Northern Prairie Wildlife Research Center
Collected only south and west of the Missouri River in North Dakota, Northern Bahia also occurs from southern Saskatchewan to northern Mexico, mostly in the High Plains east of the Rocky Mountains at elevations up to 7,500 feet. The plant was formerly placed in the genus Bahia.
Northern Bahia is a perennial herb or subshrub about six inches tall. One to eight stems arise from a thin taproot. Fine hairs and glands on leaves and stems make plants appear gray-olive green. Leaves are opposite and parted three times into narrow segments. Each much-branched stem bears 5-20 flower heads about three eighths of an inch wide. Each head bears four to seven ray flowers that are paler yellow than the 30-40 disc flowers. Seeds (achenes) are only about an eighth of an inch long and have no long bristles to carry them in the wind.

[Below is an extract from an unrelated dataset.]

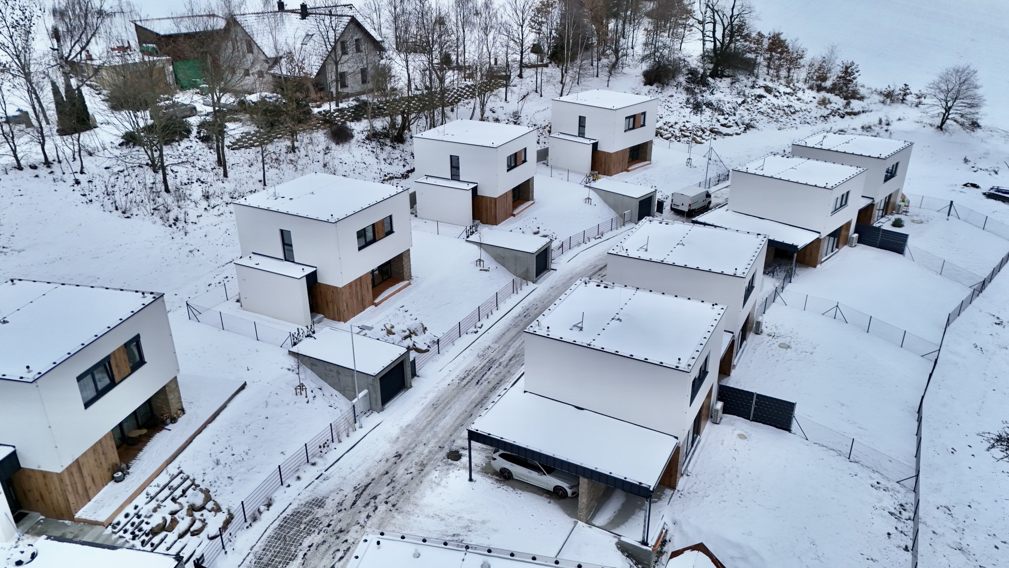 Parkování a garáž – Každý dům má dvě parkovací stání, jedno z nich je garážové nebo zastřešené s nabíjecí stanicí pro elektromobily. Garáž vybavena sekčními vraty a třífázovou zásuvkou, kterou najdeme tak i u zastřešených parkovacích stání.

Look for Northern Bahia from June to September on dry clays and gravels in native pastures. A few more plants seem to occur where grazing is heavy or moderate, except perhaps during extreme drought. The plant also readily invades roadgrades or other disturbed areas. I could find no mention of economic uses for the plant.
These plants are members of the sunflower family (Asteraceae). Aster means "star" in Greek, in reference to the radiate arrangement of the flowers in the heads. The family contains over 15,000 species, more than any other family in North Dakota as well as nearly every country in the North Temperate Zone.
The generic name Picradeniopsis means "looks like Picradenia" (another plant in the family) and is derived from the Greek picros "sharp," and adenia, "gland," likely in reference to the achenes. The specific name oppositifolia means "opposite-leaved" in botanical Latin.
Northern Bahia was first described for science in 1818 by the eminent English botanist-naturalist Thomas Nuttall (1786-1859). He visited the Mandan villages along the Missouri River in 1810-1811.